Contingent Value Rights - CVR

What are 'Contingent Value Rights - CVR'

Contingent Value Rights (CVR) are rights provided to shareholders of a company facing significant restructuring or of a company that has been acquired. These rights ensure that the shareholders receive additional benefits if a certain event occurs. These kinds of rights share similarities with options, as they frequently have an expiration date relating to the times that contingent events must occur.

BREAKING DOWN 'Contingent Value Rights - CVR'

For example, the shareholders of a company that has been acquired may receive a CVR that allows them to gain additional shares of a target company if said target company’s share price drops below a certain value by a predetermined date. Contingent value rights related to a company’s stock generally revolve around the price performance of the security.

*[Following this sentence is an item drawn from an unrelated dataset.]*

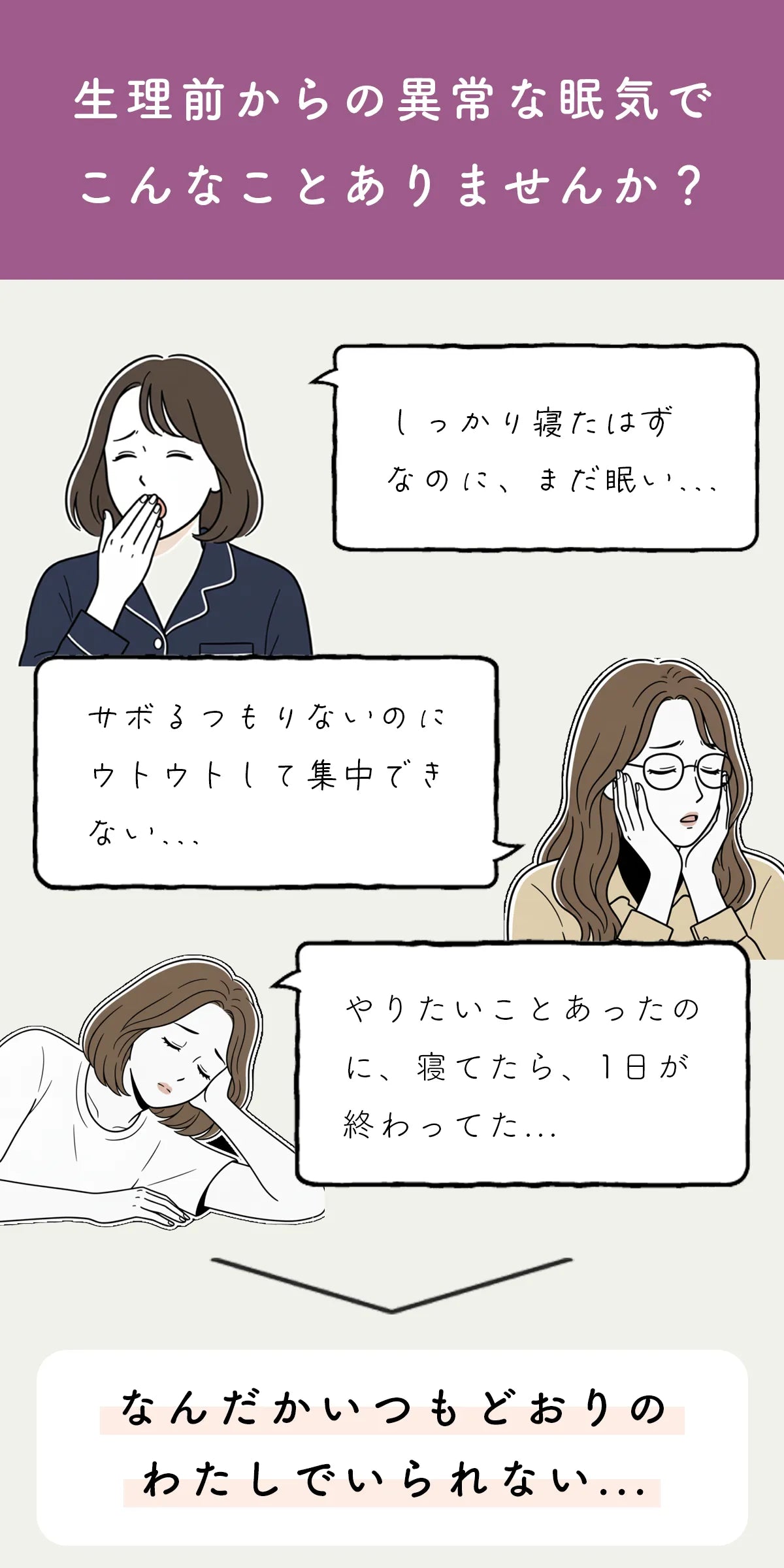 不安で憂鬱で仕方ない時期が毎月来るということ自体にしんどい気持ちになりますが、お守りがひとつ増えたような気持ちになりました。まっすぐ歩けないレベルで眠気が酷いにも関わらず仕事が外勤営業職のため、非常に助かります。

Contingent Value Rights as Unsecured Obligations

In many cases, the true value of contingent value rights is dependent upon a specific stock’s future performance. In certain instances, these rights are similar to options in that an investor contractually maintains rights, but is under no obligation to complete a sale of a certain security at a specified price within a predetermined period of time. The New York Stock Exchange Listed Company Manual refers to contingent value rights as "unsecured obligations." Congruent with this, shareholders are not guaranteed that a right, or "reward," will actually be given to them when said right is based on the price of a certain stock. Furthermore, all contingent value rights have a date of expiration. Should the required event or events not occur in the specified contingent period of time, shareholders holding a CVR in a specified stock receive nothing above what the stock itself offers.

Additional Stock Shares

Contingent value rights can also serve to benefit shareholders of a company that has been acquired, by offering them the option to gain additional shares of stock in the acquired company as long as a previously established target price has not been met during the period of time set by the CVR. Because stock prices cannot be predicted with any certainty, the target price may be reached within the given period, at which point the CVR is of no value to the shareholders.


At the time of issuance, the true values of CVRs is not firmly set. The risk that shareholders face remains unknown because the rights are based entirely on the anticipated price of the stock in the future or on some unpredictable event.

If contingent value rights are part of a merger or an acquisition, a large part of the risk that would affect the acquirer is effectively transferred to the shareholders of the company being acquired, thus making it easier for the buyer to offer a more attractive price.